MANILA -The Philippine national government debt’s stock increased by 0.8 percent or an additional P104.1 billion to reach yet another record high of P13.86 trillion at the end of March, according to the Bureau of the Treasury (BTr).
The BTr reported that outstanding obligations both to domestic and foreign lenders increased in March as new borrowings had exceeded payments made that month.
Michael Ricafort, chief economist at Rizal Commercial Banking Corp., said the net borrowings posted could have reflected the need to finance the relatively wider budget deficits in recent months.
Ricafort said the further increase in debt stock was also partly due to the lower individual tax rates for most income brackets, implemented since the start of 2023 under the Tax Reform for Acceleration and Inclusion or Train Law.
He said this had reduced government revenues while high inflation basically increased government expenditures.
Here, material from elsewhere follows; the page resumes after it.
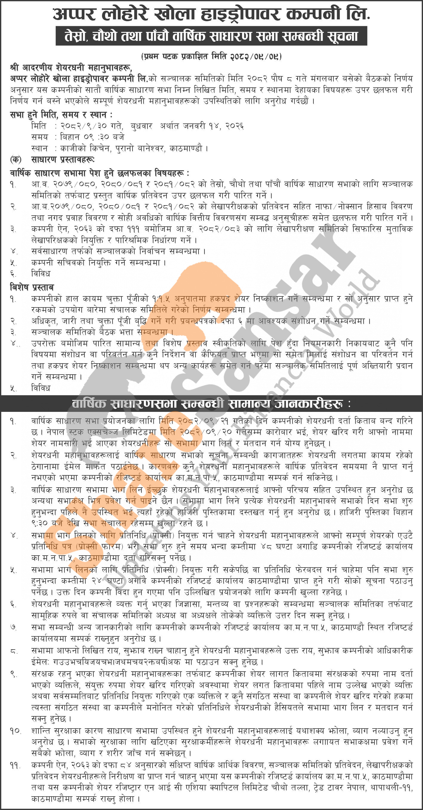 Upper Lohore Khola Hydropower Company Limited has announced its 3rd, 4th and 5th AGM going to be held on 30th Poush, 2082.

There were also the higher interest rates that added to the government’s debt servicing costs.
“For the coming months, a new record high for the outstanding national government in peso terms is still possible, in view of the upcoming US dollar-denominated or euro-denominated retail bond issuance (scheduled in this second quarter of 2023),” Ricafort said.
Also in March, Finance Secretary Benjamin Diokno said the government was looking at offering $2 billion to $3 billion in retail Treasury bonds (RTBs), adding that they were also mulling over the issuance of RTBs denominated in euros.
Data at the BTr show that, in March, local debt rose by 0.8 percent or P71 billion to P9.51 trillion mainly because the government’s new borrowings were more than the payments made that month.
Similarly, foreign debt increased by 0.8 percent or P33.1 billion to P4.34 trillion.
These increases due to net borrowings outweighed the benefit of the Philippine peso’s appreciation against the US dollar, which trimmed a total of P71.5 billion off the debt stock.
As of the end of 2022, the debt stock represented 60.9 percent of gross domestic product. This increased from 60.4 percent at end-2021 and still beyond the 60-percent threshold that is internationally considered as the cap for a prudent debt level.